• **To do**
Could you retype every line below exactly, omitting the images?

• **Given information**
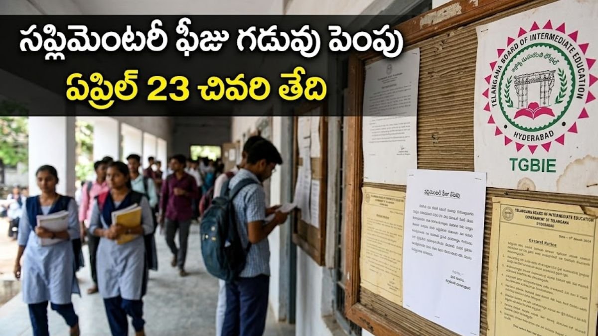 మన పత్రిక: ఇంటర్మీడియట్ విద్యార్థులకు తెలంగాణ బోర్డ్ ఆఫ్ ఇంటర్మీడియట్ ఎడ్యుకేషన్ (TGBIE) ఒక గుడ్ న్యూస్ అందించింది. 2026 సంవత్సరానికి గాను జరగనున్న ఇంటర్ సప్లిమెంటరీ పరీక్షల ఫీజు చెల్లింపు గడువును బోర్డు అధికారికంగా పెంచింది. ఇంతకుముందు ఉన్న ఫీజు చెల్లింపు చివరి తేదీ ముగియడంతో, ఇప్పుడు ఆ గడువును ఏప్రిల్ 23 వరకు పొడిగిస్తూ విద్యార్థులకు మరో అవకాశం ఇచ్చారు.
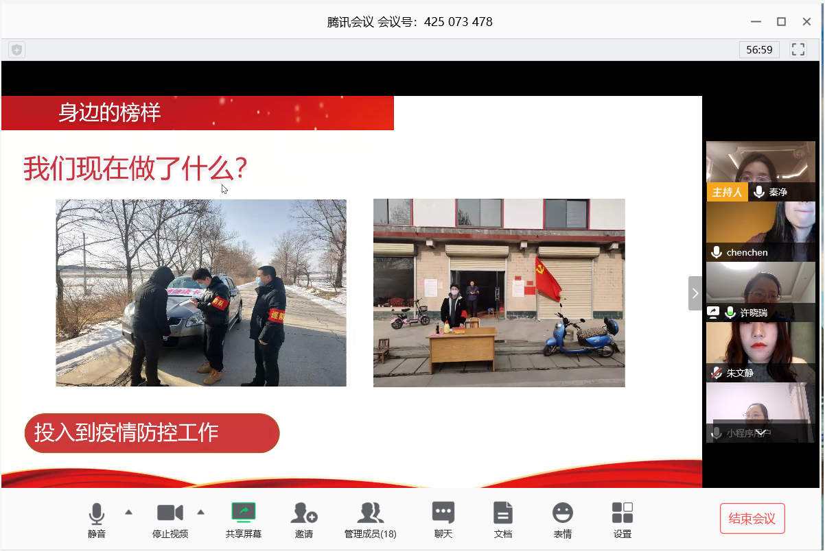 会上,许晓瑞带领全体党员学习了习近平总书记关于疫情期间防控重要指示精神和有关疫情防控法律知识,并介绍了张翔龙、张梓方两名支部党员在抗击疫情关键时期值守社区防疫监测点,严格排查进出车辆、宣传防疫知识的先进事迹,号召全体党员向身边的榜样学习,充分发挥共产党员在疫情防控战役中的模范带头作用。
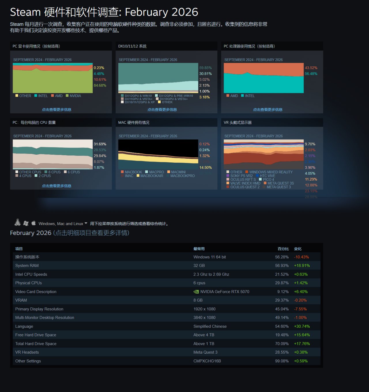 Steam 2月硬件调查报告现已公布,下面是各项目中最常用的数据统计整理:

• **Answer to this exercise**
 మన పత్రిక: ఇంటర్మీడియట్ విద్యార్థులకు తెలంగాణ బోర్డ్ ఆఫ్ ఇంటర్మీడియట్ ఎడ్యుకేషన్ (TGBIE) ఒక గుడ్ న్యూస్ అందించింది. 2026 సంవత్సరానికి గాను జరగనున్న ఇంటర్ సప్లిమెంటరీ పరీక్షల ఫీజు చెల్లింపు గడువును బోర్డు అధికారికంగా పెంచింది. ఇంతకుముందు ఉన్న ఫీజు చెల్లింపు చివరి తేదీ ముగియడంతో, ఇప్పుడు ఆ గడువును ఏప్రిల్ 23 వరకు పొడిగిస్తూ విద్యార్థులకు మరో అవకాశం ఇచ్చారు.
 会上,许晓瑞带领全体党员学习了习近平总书记关于疫情期间防控重要指示精神和有关疫情防控法律知识,并介绍了张翔龙、张梓方两名支部党员在抗击疫情关键时期值守社区防疫监测点,严格排查进出车辆、宣传防疫知识的先进事迹,号召全体党员向身边的榜样学习,充分发挥共产党员在疫情防控战役中的模范带头作用。
 Steam 2月硬件调查报告现已公布,下面是各项目中最常用的数据统计整理:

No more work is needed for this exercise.